Oke, karena ada yang beberapa minta FF SuFany, aku buat deh FF Series ini. Karena aku gak tau buat apa dengan sequel dari Love Is itu. Soalnya gak ada yang bisa diceritain lagi dari keluarga bahagia nan harmonis itu-____-

Tapi ayolahh,,, walaupun enggak ada cerita manis dari keluarga Suho-Tiffany-Natalie dan kegilaan member EXO, harus dong yang udah request – request kemarin mampir sebentar, baca… dan jangan lupa komen 😀 /maksa nih-_-/ Thanks buat Cindy Eonni aka Phoenixfrombusan yang udah buatin poster kece ini 😀

Warning ya, bahasa disini enggak sesuai dengan EYD. Kan genrenya ada yang komedi gitu, walau mungkin komedinya rada garing.___.

 

Hari yang cerah. Matahari tampak bersinar dengan bersahabat di langit sana. Pagi ini kebanyakan diawali dengan semangat yang baru, berhubung hari ini adalah awal hari dalam satu minggu. Waktu telah menunjukkan pukul 8 pagi, dan seorang gadis di sebuah rumah besar di kawasan elit Seoul masih tertidur pulas. Gadis itu memejamkan matanya dengan damai, tampak sangat menikmati tidurnya itu. namun sesaat kemudian, mata itu mulai mengerjap. Gadis bermarga Hwang itu membuka matanya dan kemudian segera bangkit dari tempat tidur.

Tiffany Hwang meregangkan kedua tangannya sembari berjalan menuju balkon kamarnya. Dengan pakaian tidur yang masih melekat, gadis itu memandangi sekitar rumahnya dari arah balkon. Menyampaikan senyum pada matahari kemudian menghempaskan diri ke sofa kecil yang berada di sana.

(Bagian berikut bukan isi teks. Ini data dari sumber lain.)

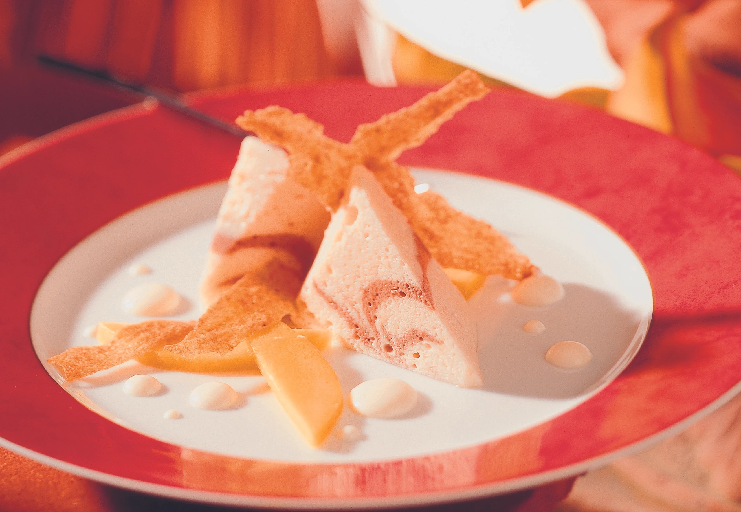 Zum Anrichten die Terrine aus der Form stürzen und die Folie abziehen. Terrine in Scheiben schneiden, mit Mangoscheiben, Sauerrahmsauce und den Bananen-Chips garnieren.

Gadis dengan tanktop biru muda serta hotpants putih itu memangku kakinya, mengambil majalah dan kemudian membacanya dalam diam. Yeah, tidak banyak yang dilakukannya selain hal – hal seperti ini saja. Bangun tidur, membaca majalah fashion terbaru, sarapan, pergi ke mall, shopping, makan siang, dan pekerjaan tak penting lainnya merupakan kebiasaan Tiffany setiap hari minggu. Gadis itu tak melakukan banyak hal pada hari minggu.

TOK TOK TOK

“Selamat pagi Nona, boleh saya masuk?”

Gadis itu tampak tak begitu terganggu dengan suara ketukan pintu. Tidak menoleh ataupun berdiri, dia tetap melanjutkan kegiatannya.

TOK TOK TOK

“Nona?”

“Hm, masuk!” jawabnya pendek dengan suara pelan. Namun sepertinya orang yang mengetuk pintu itu memiliki pendengaran yang cukup baik, karena pintu itu berderit pelan terbuka. Tampak seorang wanita paruh baya dengan seragam maid yang membalut tubuhnya melangkah masuk ke kamar Tiffany. Dia menghampiri gadis itu kemudian membungkuk sopan pada Nona Muda-nya itu.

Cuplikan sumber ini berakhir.